2002年2月8日朝日新聞尾張近郊版

春日井の産廃計画 汚染調査実施求める
ダイオキシン類 松の葉で分析
 「既に基準超過状態」

 ダイオキシン類による大気汚染を松の葉で調べる手法で、名古屋市守山区の住民らが昨年取り組んだ調査結果がまとまった。住民らは、庄内川を挟んで同区に隣接する春日井市松河戸町で計画されている産廃中間処理施設の建設に反対しているグループで、名古屋市に7日、「現状でも環境基準を超えているのは確実」として詳細な調査の実施などを求めた。

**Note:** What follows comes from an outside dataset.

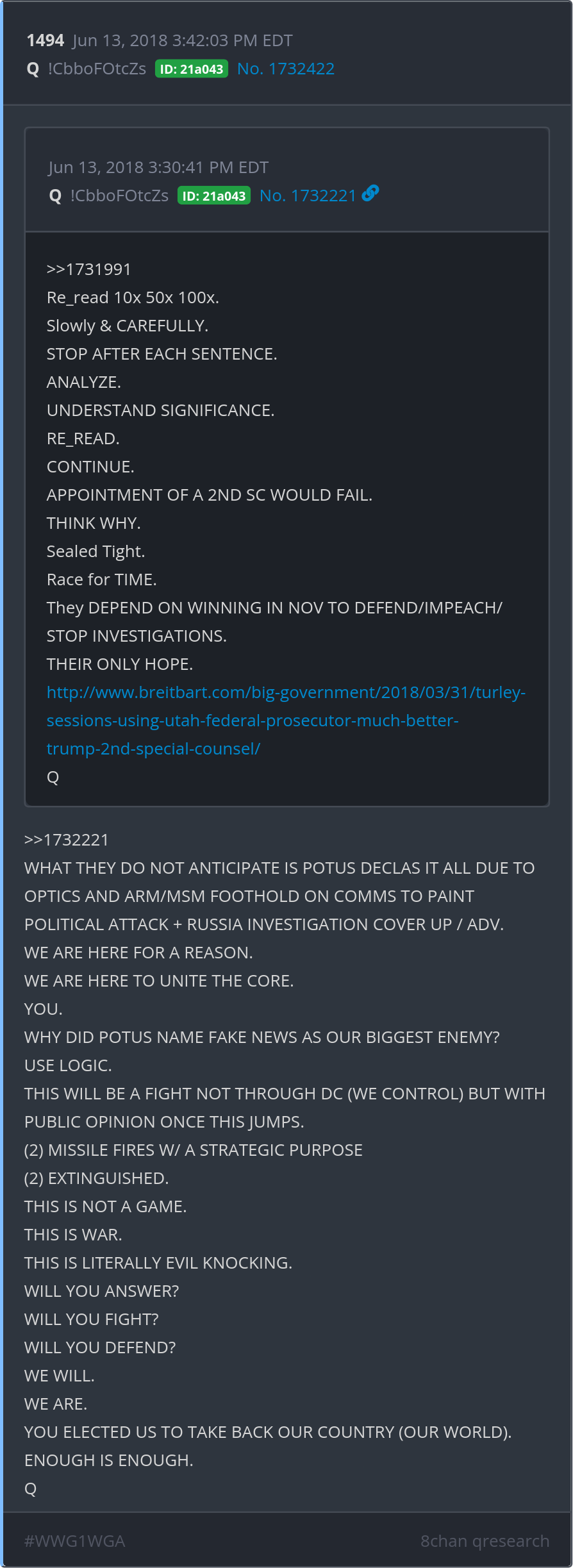 THIS IS NOT A GAME. THIS IS WAR. THIS IS LITERALLY EVIL KNOCKING. WILL YOU ANSWER? WILL YOU FIGHT? WILL YOU DEFEND? WE WILL. WE ARE. http://www.breitbart.com/big-government/2018/03/31/turley-sessions-using-utah-federal-prosecutor-much-better-trump-2nd-special-counsel/ Posted 06/12/2025 08:41 PM Categories Clips, Q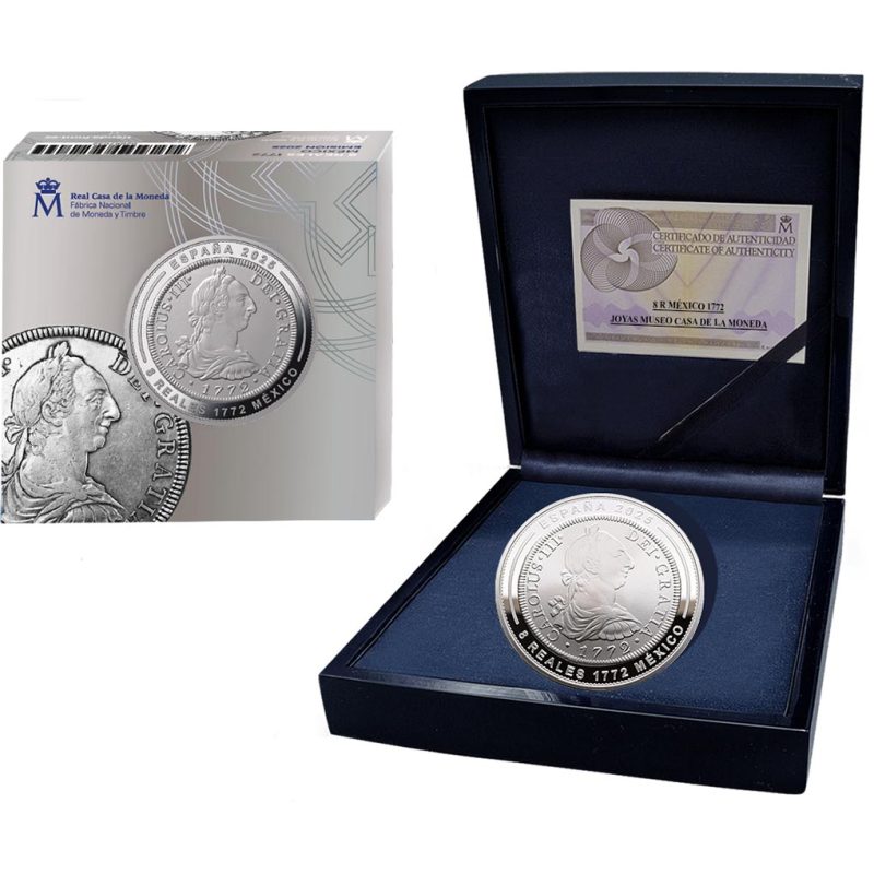 La tercera de estas piezas es una moneda de 8 reales de 1772 acuñada en la CECA de México, con la efigie de Carlos III en el anverso, siendo una de las primeras piezas de 8 reales realizadas tras la reforma monetaria de 1771.

 松葉は脂肪分が多く、脂肪に溶けやすいダイオキシン類が蓄積しやすいとされる。全国に分布するクロマツを利用した調査が、市民活動として広がっている。

 「産廃焼却施設建設をやめさせる守山の会」が、施設の建設予定地から1キロ以内の範囲で13地点の松葉を採集。環境総合研究所(東京都品川区)を通じてカナダの調査会社で分析した。

 検出された松葉1グラム当たりのダイオキシン類の量は約5・72ピコグラムピコは1兆分の1)。大気中の濃度に換算すると1立方メートル当たり約0・57ピコグラムで、環境基準の0・6ピコグラムに迫る。さらに、分類上はダイオキシン類に入る「コプラナーPCB(ポリ塩化ビフェニール)」が、この10〜30%の割合で加わるとされ、合計すると汚染は現状でも基準を上回るという。

 グループの大島良満代表は「今でも環境基準を超えているのは確実。このうえ、施設の建設は認められない」と話し、市が詳しい汚染調査を実施することや、施設の許認可権限のある県に対し、市として住民意見の反映を積極的に働きかけるよう求めた。